▶ _Task to complete_
Please repeat, exactly and without pictures, the lines of the entries below that run from the one containing "Способ автоматической защиты" through the one containing "Італійська технологія нарощування".

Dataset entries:
______________________________

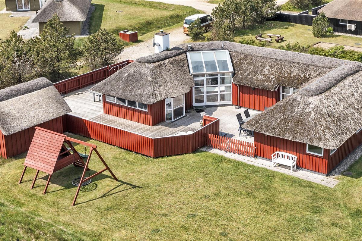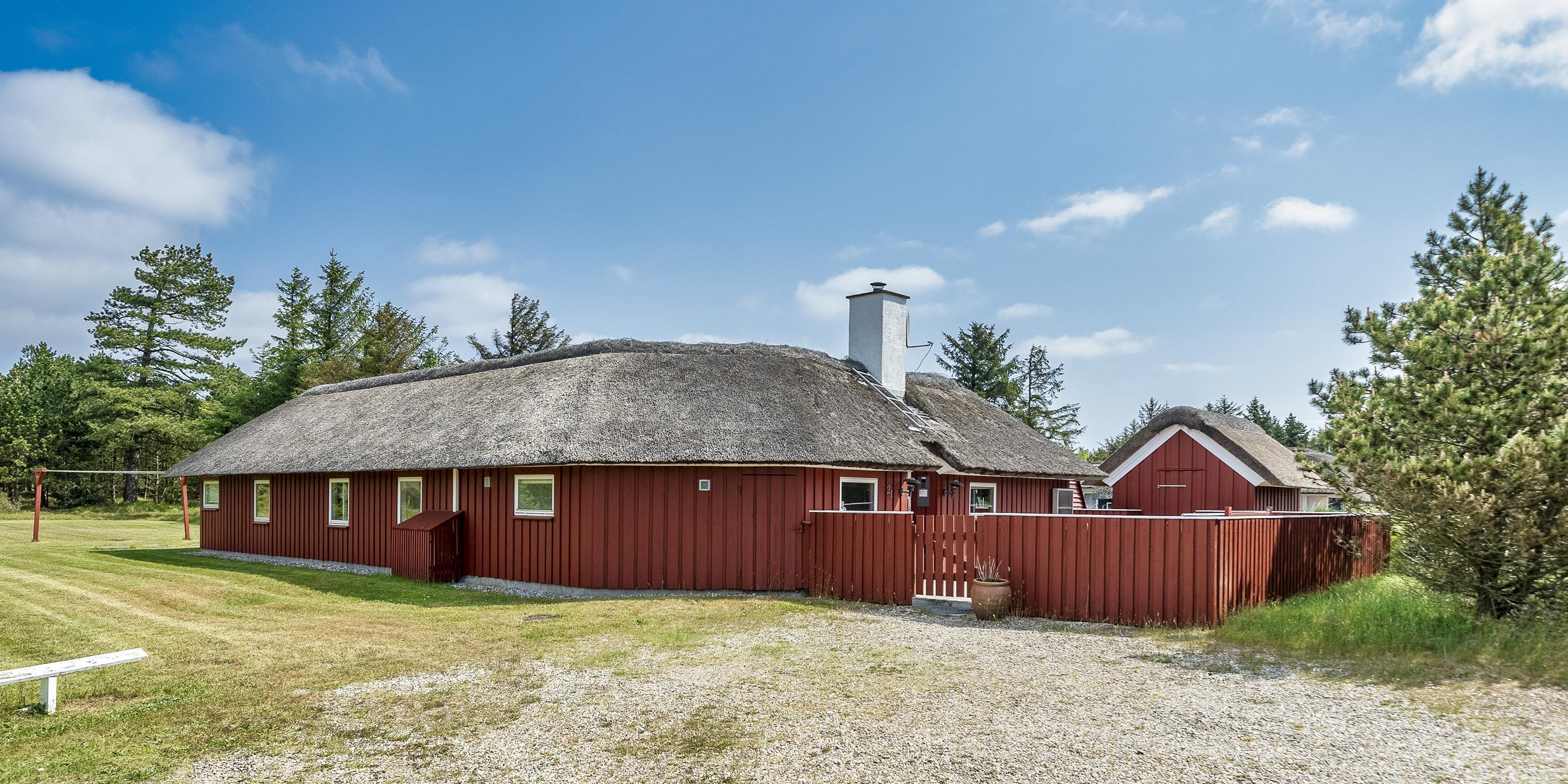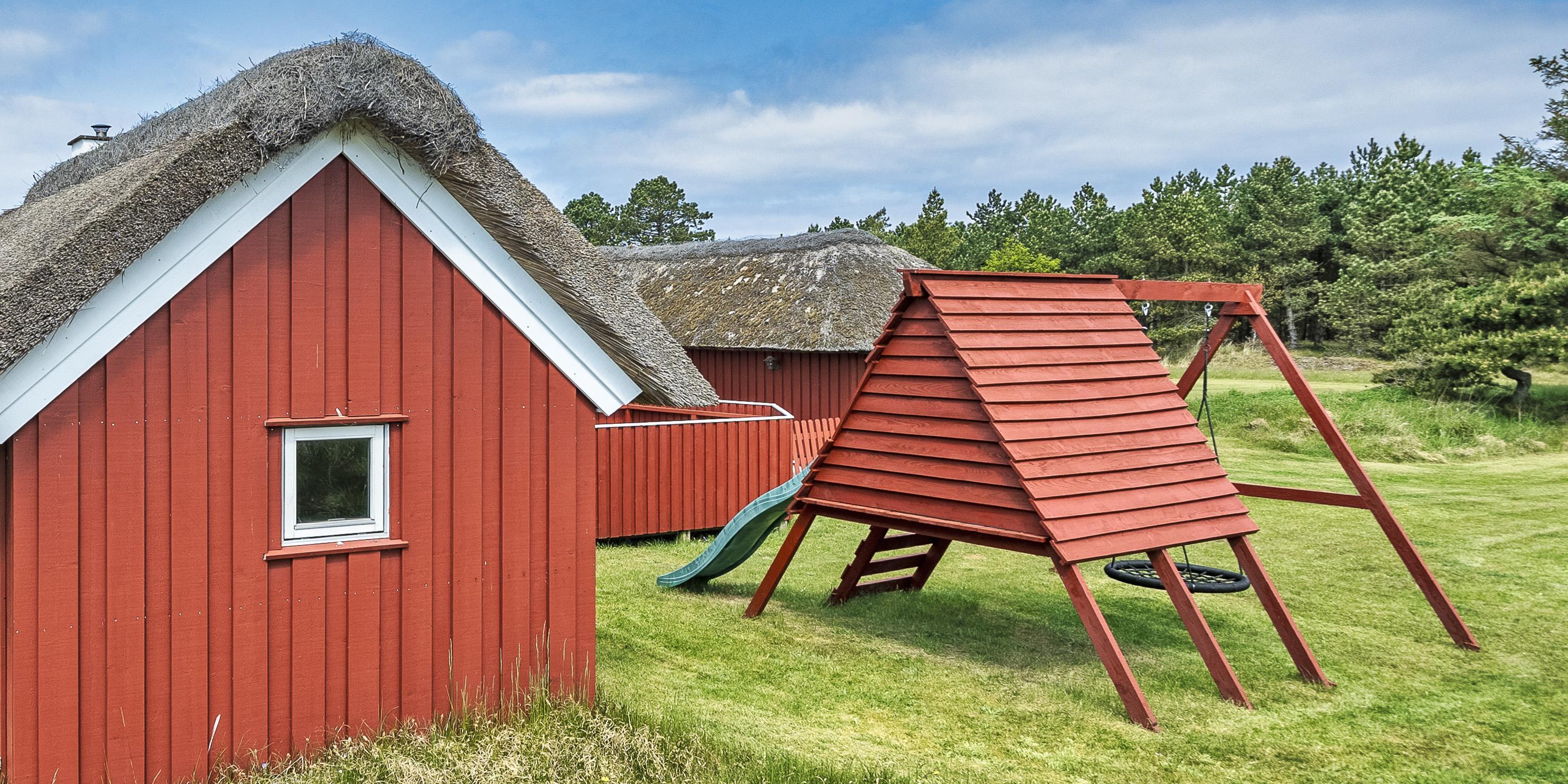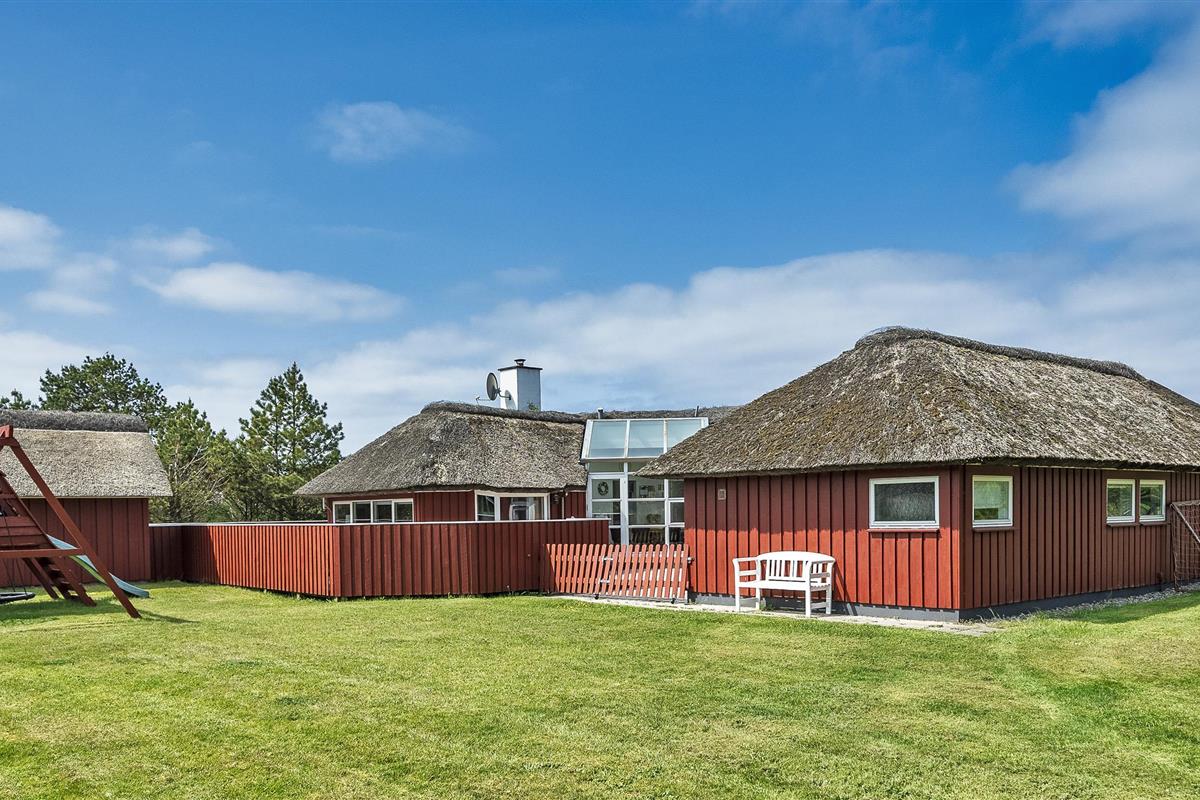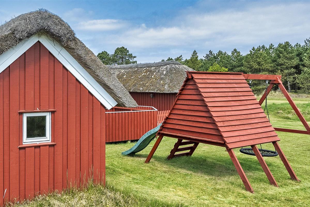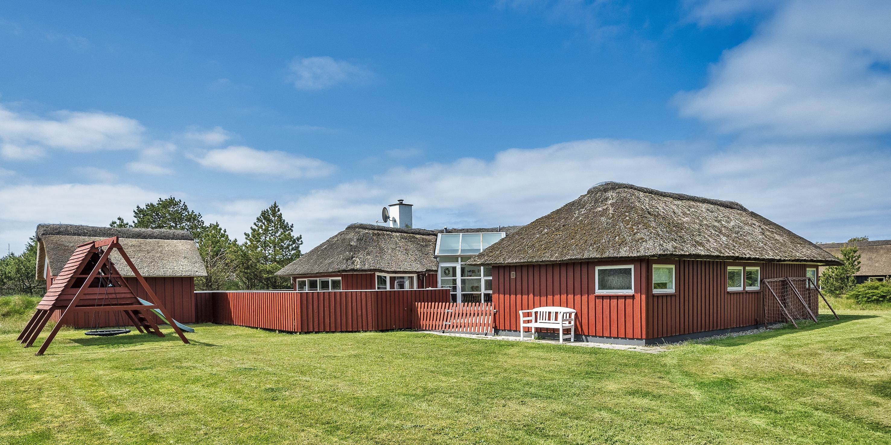 Tasteful summer house for 9 people, located on a natural plot approx. 1,500 meters from the beach. The house contains: Living room with wood-burning stove, television, Chromecast and satellite dish (no Danish programmes). Docking station for I-phone with built-in music. Kitchen with dishwasher and microwave. Large dining area with games room. Bathroom with shower/wc and spa. Washing machine and dryer. Guest toilet with shower. 4 bedrooms: DB + DB + DB + 3B. The house is partially heated by solar energy. Heat pump (air to air). Large, partially enclosed terrace with garden furniture. Play tower with swing for children. 1 dog ist allowed. Wi-Fi. Rying is not allowed! Year of construction 1988, renovated 2005.
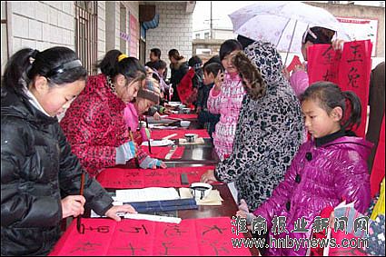 當(dāng)日上午,天氣陰冷細(xì)雨蒙蒙,大通區(qū)上窯鎮(zhèn)方樓村村委會(huì)大院內(nèi)卻人頭攢動(dòng)氣氛熱烈,來自淮南聶老師書法國(guó)學(xué)館的8名小“書法家”們正在這里為村民們免費(fèi)寫春聯(lián)!斑@么小的孩子寫春聯(lián),行不行?”來自方樓村的數(shù)十名村民充滿了好奇,駐足觀看,議論紛紛。沒想到,小“書法家”們一下筆就征服了圍觀群眾,大家連聲稱贊!按髮W(xué)生也寫不到這么好!”“大人也趕不上。 薄敖o我一副!”“我也要一副!”鄉(xiāng)親們爭(zhēng)先恐后地索要著春聯(lián),而一副副春聯(lián)經(jīng)過那稚嫩的小手點(diǎn)染,多了一份藝術(shù)魅力,也融進(jìn)了這些可愛孩子們的天真愿望和真情祝福。一個(gè)上午,100余幅春聯(lián)全部被村民取走了。
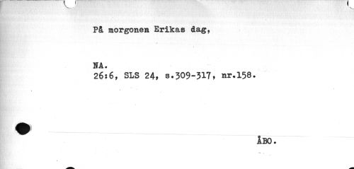 //// På morgonen Erikas dag, NA. //// 26:6, SLS 24» s.309-317, nr.158. //// » / //// i . ~ Ibo. ////
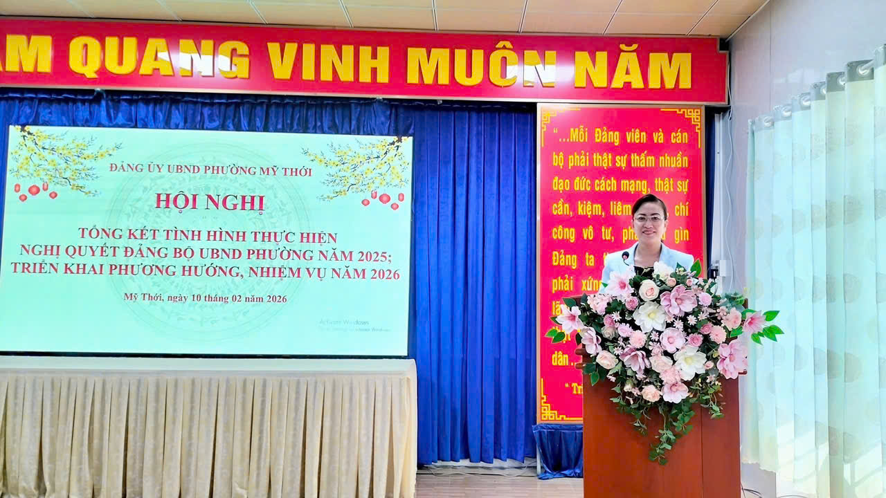 Sáng ngày 10/02, Đảng ủy UBND phường Mỹ Thới, tỉnh An Giang tổ chức Hội nghị tổng kết tình hình thực hiện Nghị quyết năm 2025 và triển khai phương hướng, nhiệm vụ năm 2026. Đồng chí Vương Mai Trinh, Phó Bí thư Đảng ủy, Bí thư Đảng ủy UBND, Chủ tịch UBND phường chủ trì hội nghị. Cùng tham dự hội nghị có: Đồng chí Huỳnh Thị Diễm Châu, Phó Bí thư Thường trực Đảng ủy phường. Đồng chí Phạm Thành Nhơn, UVBTV, Phó Bí thư Đảng ủy UBND, Phó Chủ tịch UBND phường Mỹ Thới, cùng chi bộ thuộc Đảng ủy UBND phường.
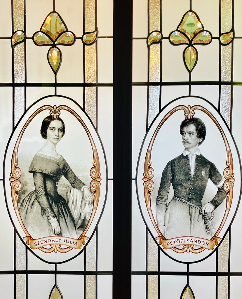 Tocmai de aceea nu m-a surprins că restaurantul cramei se numește POET– un omagiu adus poetului Petőfi Sándor. Și nici că în vitraliul elegant al restaurantului l-am regăsit pe poet alături de Júlia Szendrey – scriitoare, poetă, traducătoare, soția și muza sa.
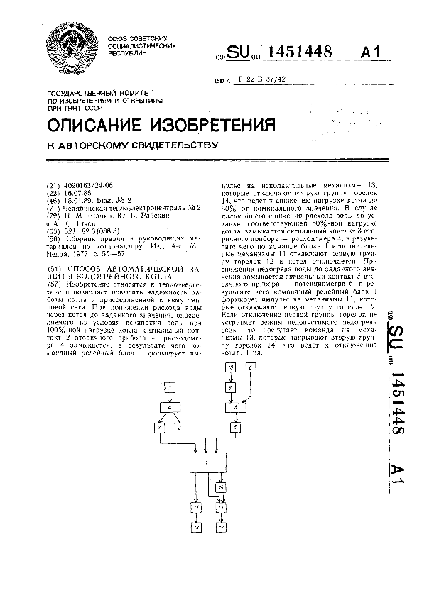 Способ автоматической защиты водогрейного котла / Щапин Н. М., Райский Ю. Б., Зыков А. К.; заявитель: Челябинская теплоэлектроцентраль № 2 // Описания изобретений (ретрофонд) / Комитет по патентам и товарным знакам России. – М., 2003. – 1989, № 1. — (Патенты России). — Загл. с титул. экрана. — Поисковая система: ИПС MIMOSA GTI. — Систем. требования: Acrobat Reader. — Режим доступа: ftp://smolensklib.ru/bd/patent_ru/pt1451448.pdf. — <URL:ftp://smolensklib.ru/bd/patent_ru/pt1451448.pdf>.
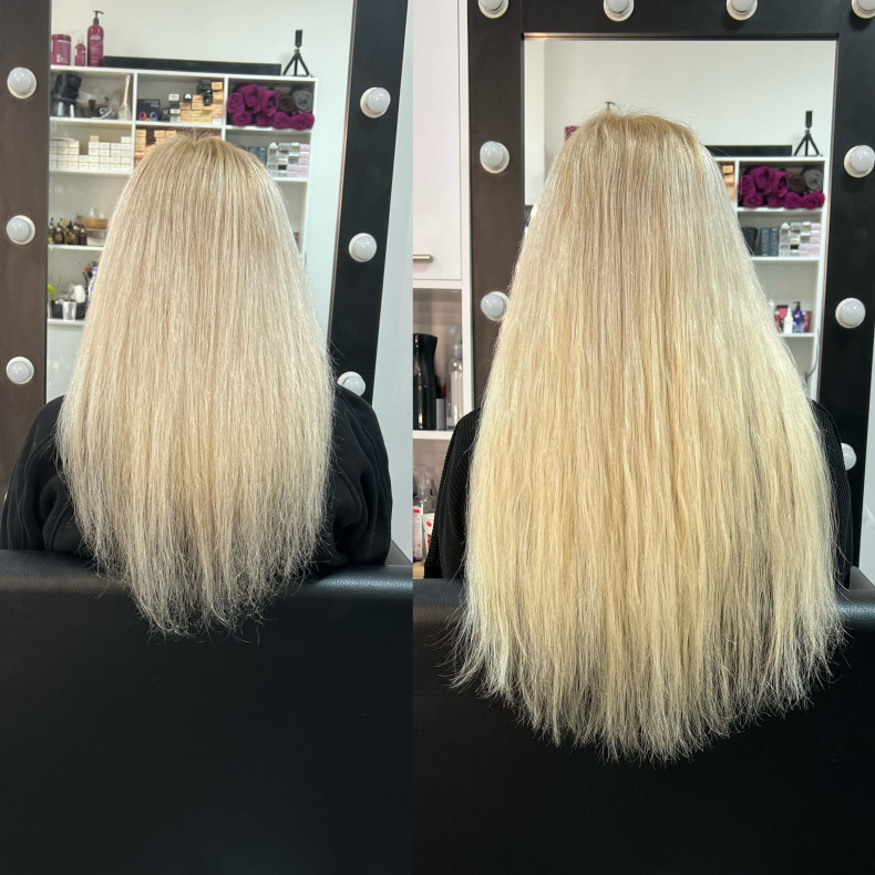 Італійська технологія нарощування волосся на капсули включає такі етапи: 1.Підготовка волосся: Миття і сушка натурального волосся. 2.Вибір матеріалів: Підбір натурального волосся, яке відповідає кольору та структурі клієнта. 3.Капсуляція: Використання кератинових капсул для прикріплення нарощеного волосся. 4.Нарощування: Прикріплення пасм до натурального волосся за допомогою нагрітих щипців. 5.Фінальна обробка: Підрівнювання та укладання волосся. Переваги: тривале носіння, природний вигляд, можливість різних укладок.
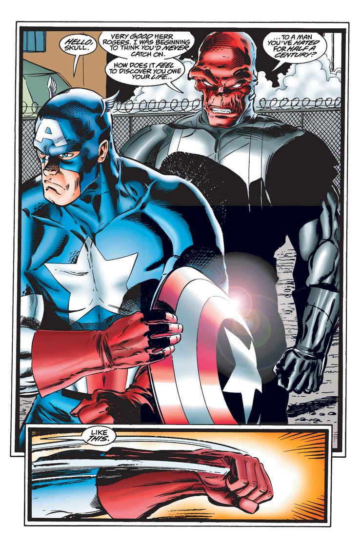 En verdad, su cuerpo desaparece misteriosamente de la Mansión de los Vengadores. En el siguiente número, el Capitán América se despierta en un laboratorio, donde se le ha realizado una transfusión de fluidos corporales totales, salvándole la vida. Para su consternación, Rogers descubre que la transfusión provino de Red Skull, quien es el único que podría salvarlo debido a que tiene su cuerpo clonado. Schmidt quiere la ayuda de Cap para luchar contra Kubekult, una facción de neonazis y miembros de AIM que han robado su cubo cósmico ornamental que contiene el alma de Hitler. Durante la pelea, el Capitán América salva la vida de Skull, que considera suficiente para pagarle la transfusión, pero lo cierto es que sin la ayuda de su peor enemigo, Steve Rogers habría muerto mucho antes de su famoso asesinato a finales de Guerra civil.
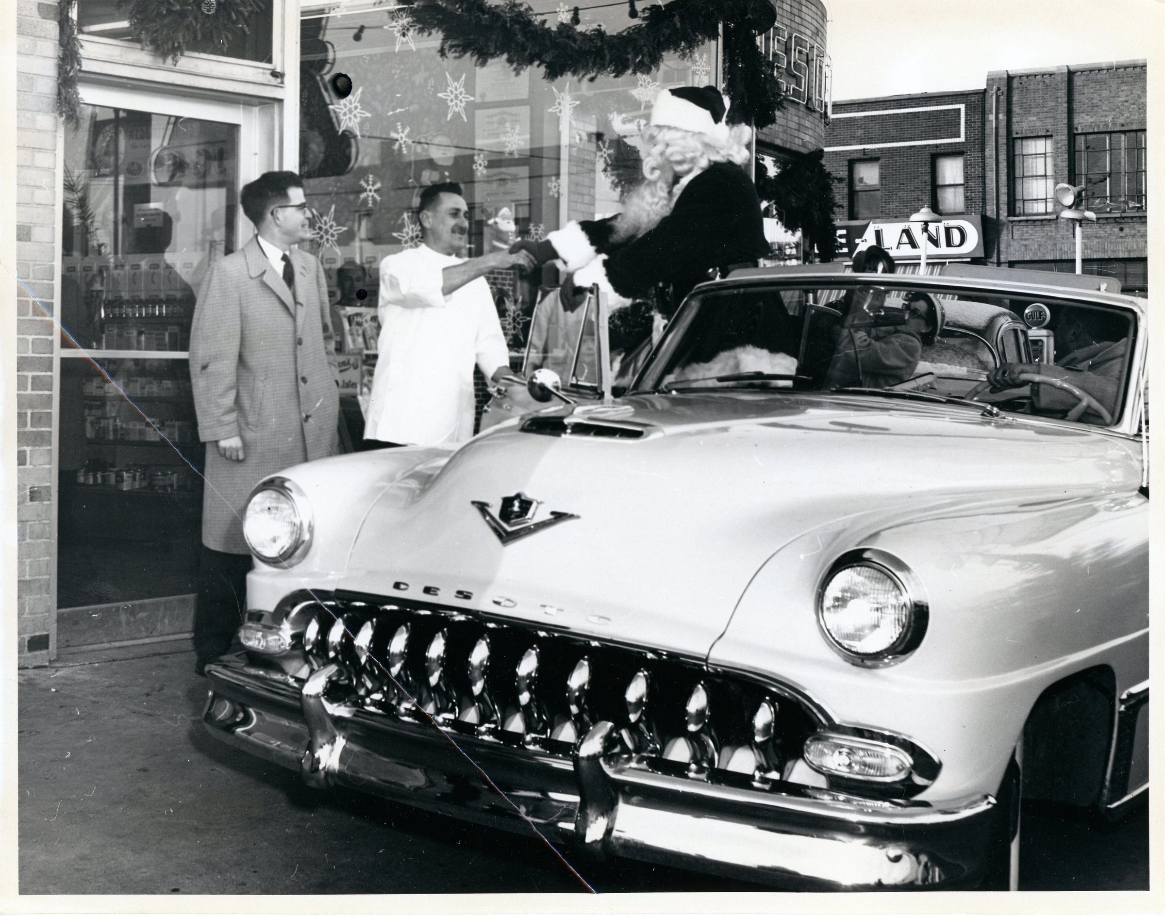 Milt Humphries, Jack O'Brien, Santa (Floyd Thetford). SE corner of Mich and Washington
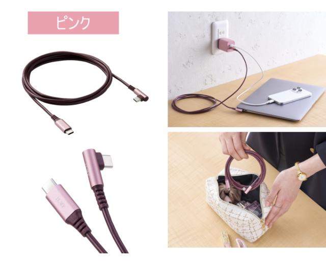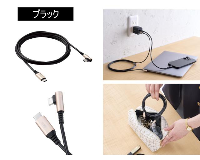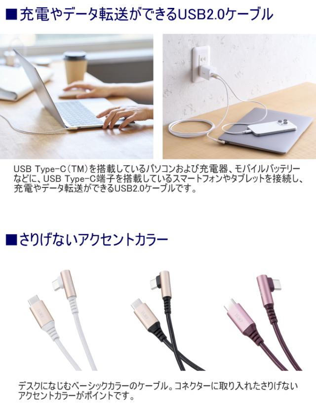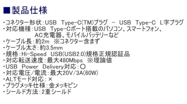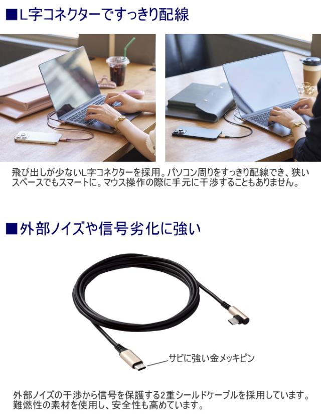 USB Type-C(TM)端子を搭載しているパソコンおよび充電器、モバイルバッテリーなどに、USB Type-C端子を搭載しているスマートフォンやタブレットを接続し、充電やデータ転送ができるUSB2.0ケーブルです。 デスクになじむベーシックカラーのケーブル。コネクターに取り入れたさりげないアクセントカラーがポイントです。 USB2.0の規格である「Certified Hi-Speed USB(USB2.0)」の正規認証品です。 飛び出しが少ないL字コネクターを採用。パソコン周りをすっきり配線でき、狭いスペースでもスマートに。マウス操作の際に手元に干渉することもありません。 USB Power Deliveryに対応し、最大60W(20V/3A)の大電流を送電可能です。 ※ご使用になるパソコンやAC充電器などの性能によって、供給される電流値が異なります。 外部ノイズの干渉から信号を保護する2重シールドケーブルを採用しています。 最大480Mbpsの高速データ転送が可能です。 難燃性の素材を使用し、安全性を高めています。 |

______________________________

▶ _Written answer_
 Способ автоматической защиты водогрейного котла / Щапин Н. М., Райский Ю. Б., Зыков А. К.; заявитель: Челябинская теплоэлектроцентраль № 2 // Описания изобретений (ретрофонд) / Комитет по патентам и товарным знакам России. – М., 2003. – 1989, № 1. — (Патенты России). — Загл. с титул. экрана. — Поисковая система: ИПС MIMOSA GTI. — Систем. требования: Acrobat Reader. — Режим доступа: ftp://smolensklib.ru/bd/patent_ru/pt1451448.pdf. — <URL:ftp://smolensklib.ru/bd/patent_ru/pt1451448.pdf>.
 Італійська технологія нарощування волосся на капсули включає такі етапи: 1.Підготовка волосся: Миття і сушка натурального волосся. 2.Вибір матеріалів: Підбір натурального волосся, яке відповідає кольору та структурі клієнта. 3.Капсуляція: Використання кератинових капсул для прикріплення нарощеного волосся. 4.Нарощування: Прикріплення пасм до натурального волосся за допомогою нагрітих щипців. 5.Фінальна обробка: Підрівнювання та укладання волосся. Переваги: тривале носіння, природний вигляд, можливість різних укладок.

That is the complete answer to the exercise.